[[ GIVEN DATA, beginning ]]

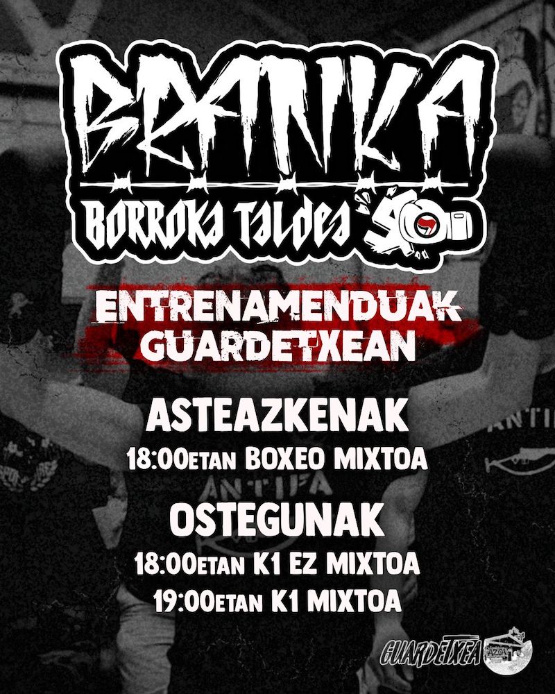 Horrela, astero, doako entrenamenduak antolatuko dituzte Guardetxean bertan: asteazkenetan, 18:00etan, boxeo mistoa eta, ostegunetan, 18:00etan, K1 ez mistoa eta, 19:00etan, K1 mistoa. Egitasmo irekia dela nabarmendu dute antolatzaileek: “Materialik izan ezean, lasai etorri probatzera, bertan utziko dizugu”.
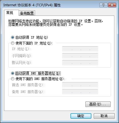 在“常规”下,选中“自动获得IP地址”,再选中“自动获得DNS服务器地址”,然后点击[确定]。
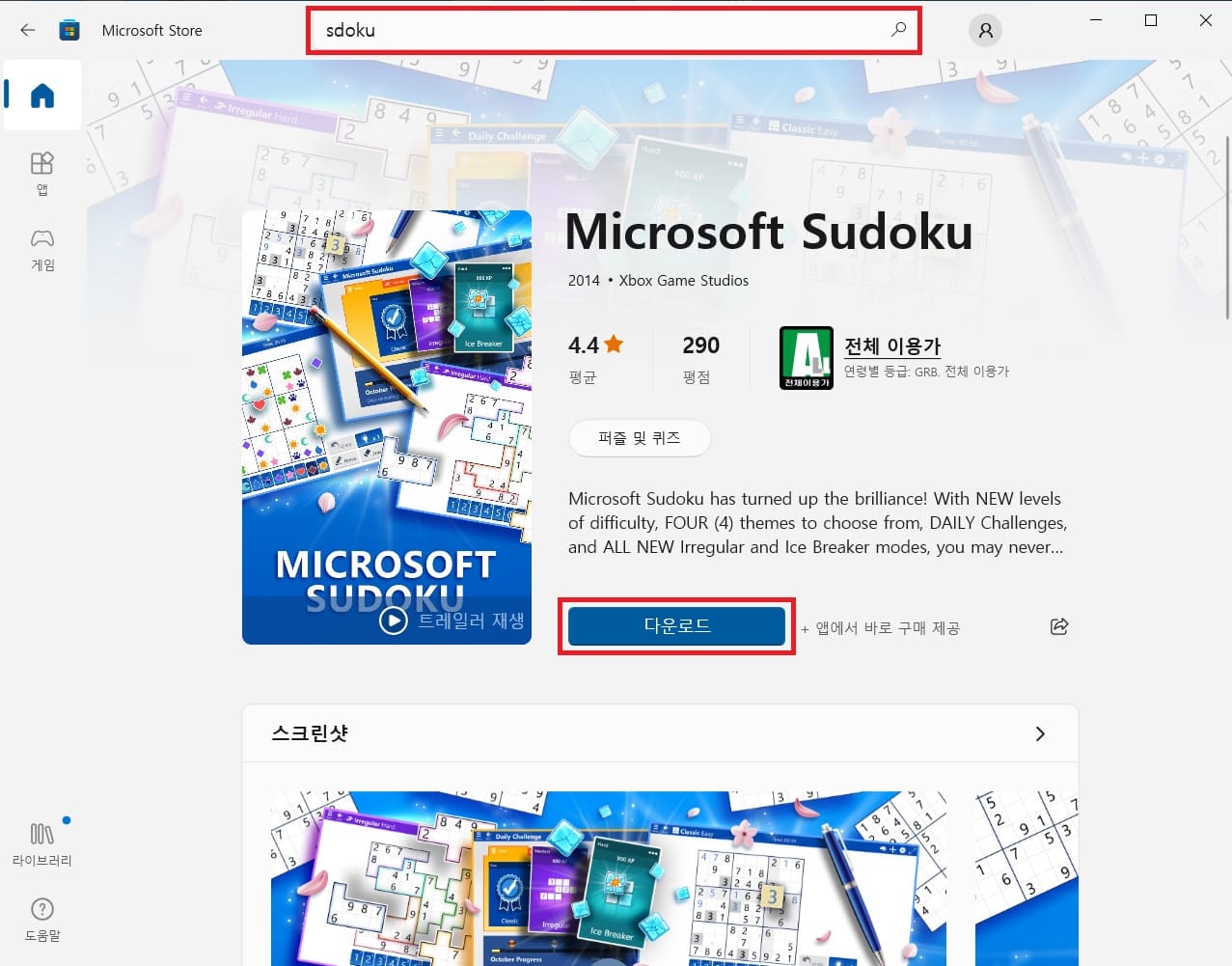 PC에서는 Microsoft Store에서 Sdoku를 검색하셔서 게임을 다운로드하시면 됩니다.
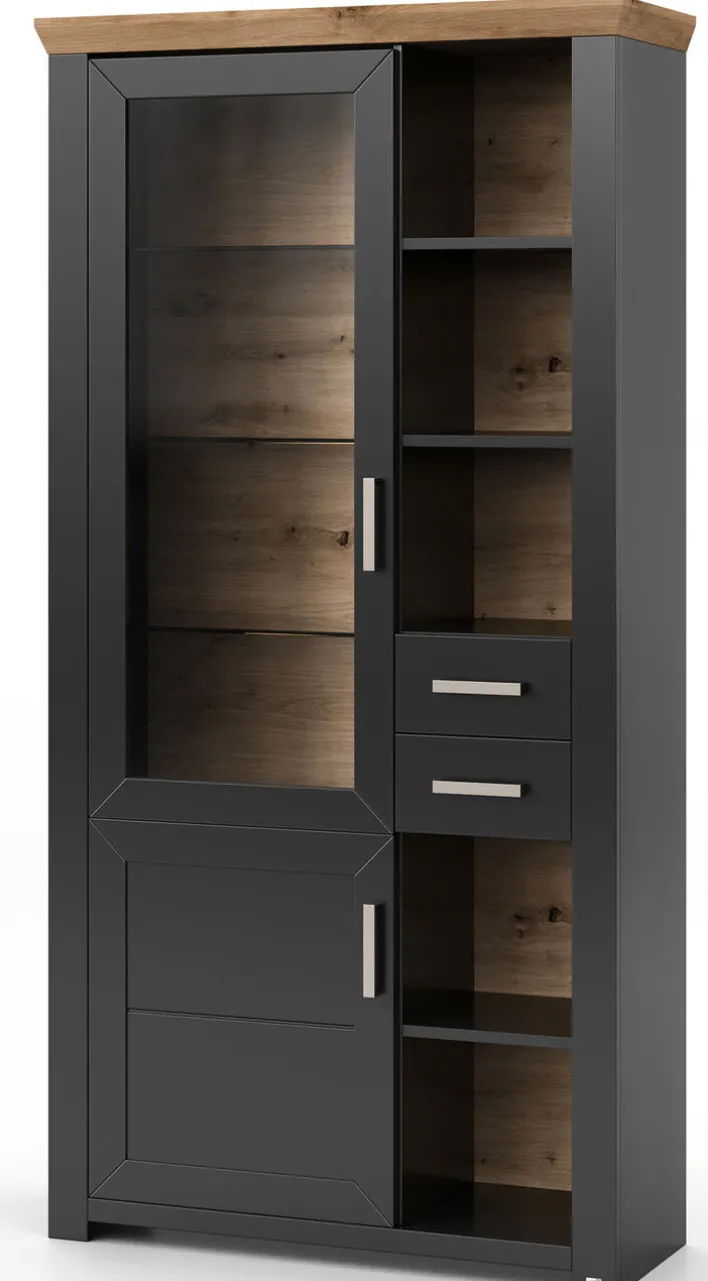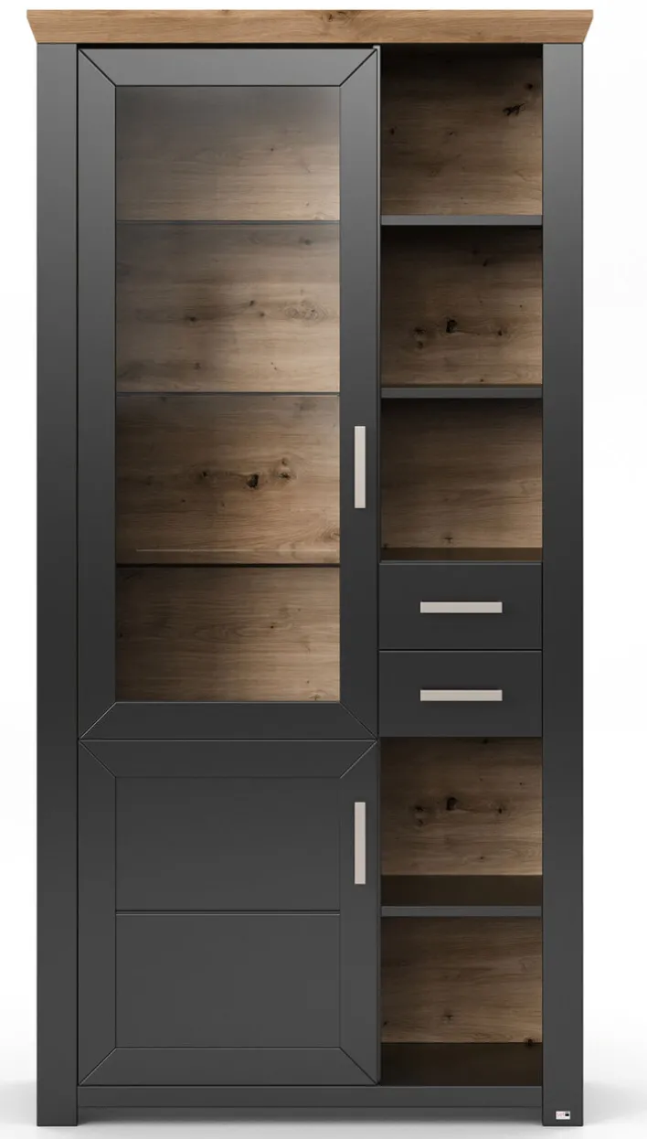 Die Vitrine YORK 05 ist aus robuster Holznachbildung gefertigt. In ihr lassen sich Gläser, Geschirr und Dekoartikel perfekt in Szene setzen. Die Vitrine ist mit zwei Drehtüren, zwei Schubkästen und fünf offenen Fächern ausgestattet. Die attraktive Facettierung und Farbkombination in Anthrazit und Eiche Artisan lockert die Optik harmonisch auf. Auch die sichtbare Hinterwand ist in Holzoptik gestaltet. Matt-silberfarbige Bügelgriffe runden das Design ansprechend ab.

[[ GIVEN DATA, end ]]
[[ GIVEN DATA, beginning ]]

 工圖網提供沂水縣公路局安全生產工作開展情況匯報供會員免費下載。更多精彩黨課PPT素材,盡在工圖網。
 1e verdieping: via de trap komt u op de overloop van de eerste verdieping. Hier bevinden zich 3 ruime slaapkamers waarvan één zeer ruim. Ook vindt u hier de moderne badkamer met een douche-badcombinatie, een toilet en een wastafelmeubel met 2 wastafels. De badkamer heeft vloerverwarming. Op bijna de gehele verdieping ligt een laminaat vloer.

[[ GIVEN DATA, end ]]
[[ GIVEN DATA, beginning ]]

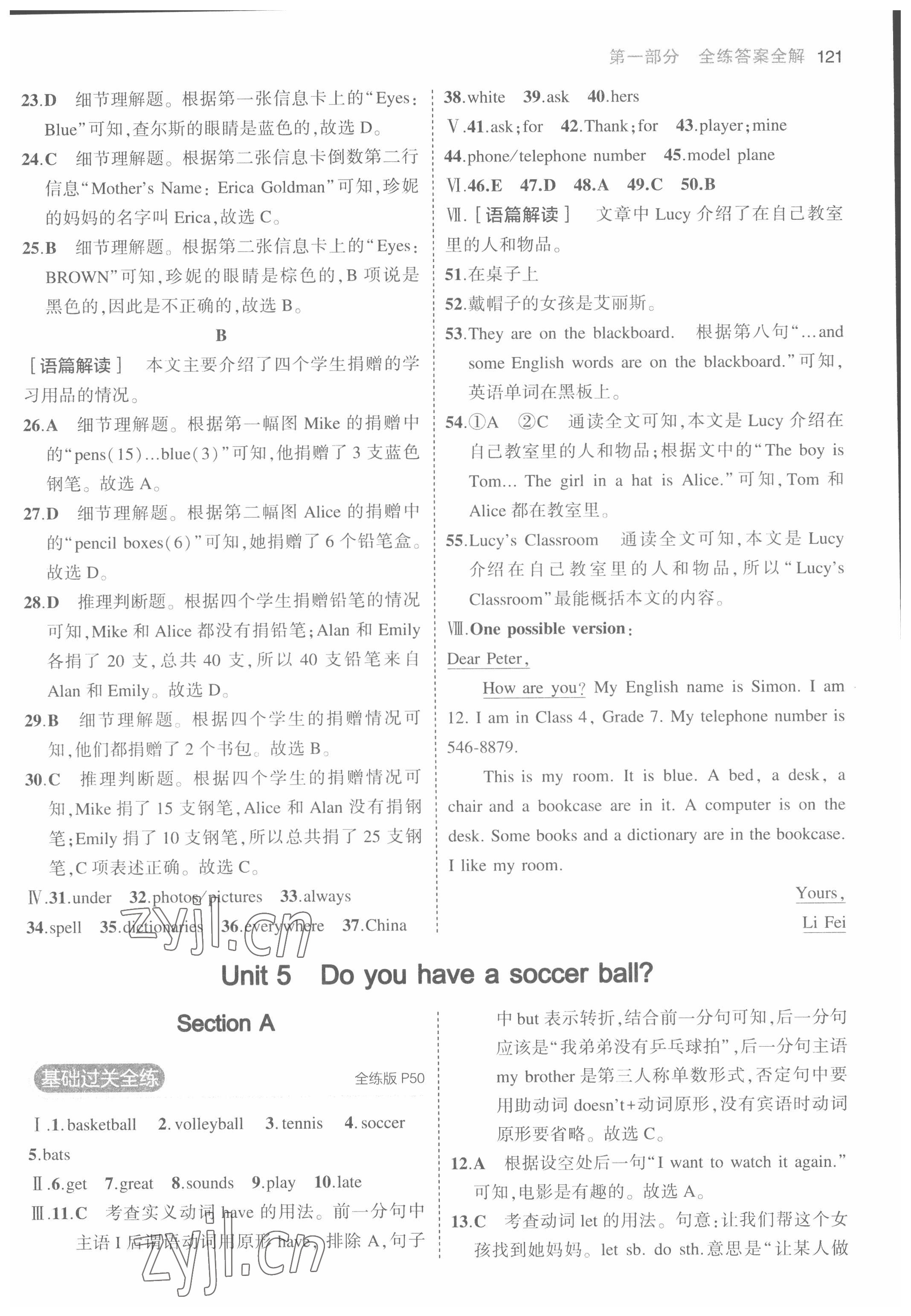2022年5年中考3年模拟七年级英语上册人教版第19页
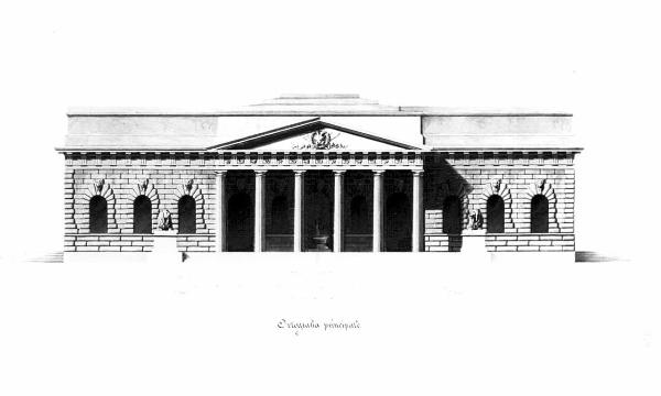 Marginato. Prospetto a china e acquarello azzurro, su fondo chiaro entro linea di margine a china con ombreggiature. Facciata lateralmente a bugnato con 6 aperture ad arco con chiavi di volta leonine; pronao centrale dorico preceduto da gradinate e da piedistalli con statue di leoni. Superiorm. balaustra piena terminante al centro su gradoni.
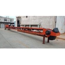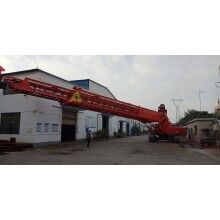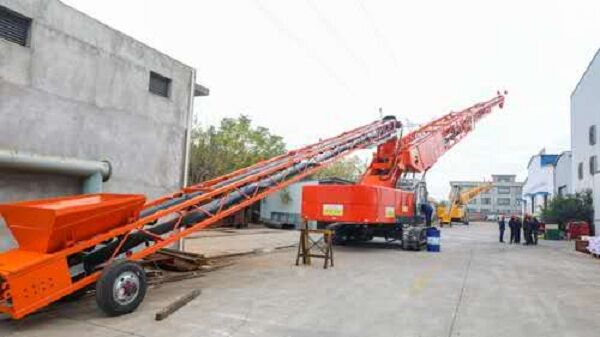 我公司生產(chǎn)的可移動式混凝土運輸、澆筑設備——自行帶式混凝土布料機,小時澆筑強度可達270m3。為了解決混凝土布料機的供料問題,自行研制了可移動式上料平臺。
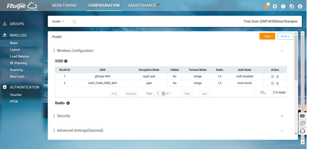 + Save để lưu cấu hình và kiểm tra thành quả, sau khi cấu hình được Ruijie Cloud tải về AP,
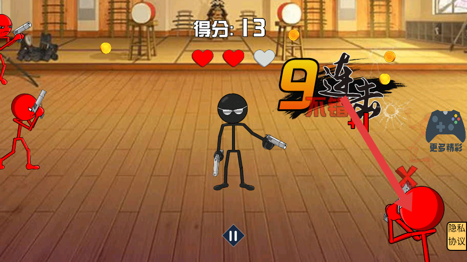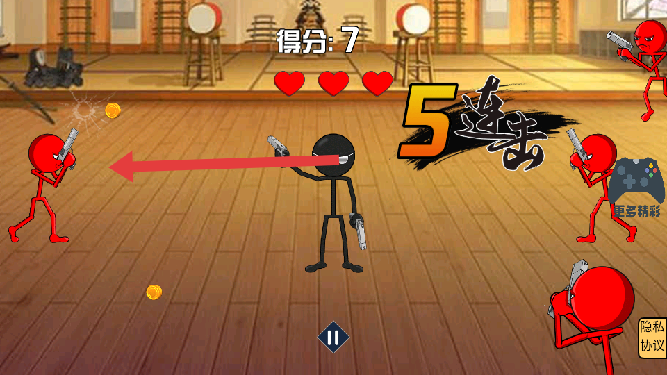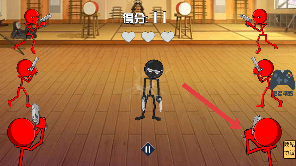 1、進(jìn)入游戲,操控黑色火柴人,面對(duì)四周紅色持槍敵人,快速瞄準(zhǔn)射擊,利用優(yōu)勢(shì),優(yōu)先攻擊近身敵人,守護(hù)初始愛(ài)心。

[[ GIVEN DATA, end ]]

## TASK PROMPT:
Here the job is to copy the listing above word for word, starting at the line with "Horrela, astero, doako" and ending at the line with "PC에서는 Microsoft Store에서", and to leave out the pictures.

## SOLUTION FOR THIS EXERCISE:
 Horrela, astero, doako entrenamenduak antolatuko dituzte Guardetxean bertan: asteazkenetan, 18:00etan, boxeo mistoa eta, ostegunetan, 18:00etan, K1 ez mistoa eta, 19:00etan, K1 mistoa. Egitasmo irekia dela nabarmendu dute antolatzaileek: “Materialik izan ezean, lasai etorri probatzera, bertan utziko dizugu”.
 在“常规”下,选中“自动获得IP地址”,再选中“自动获得DNS服务器地址”,然后点击[确定]。
 PC에서는 Microsoft Store에서 Sdoku를 검색하셔서 게임을 다운로드하시면 됩니다.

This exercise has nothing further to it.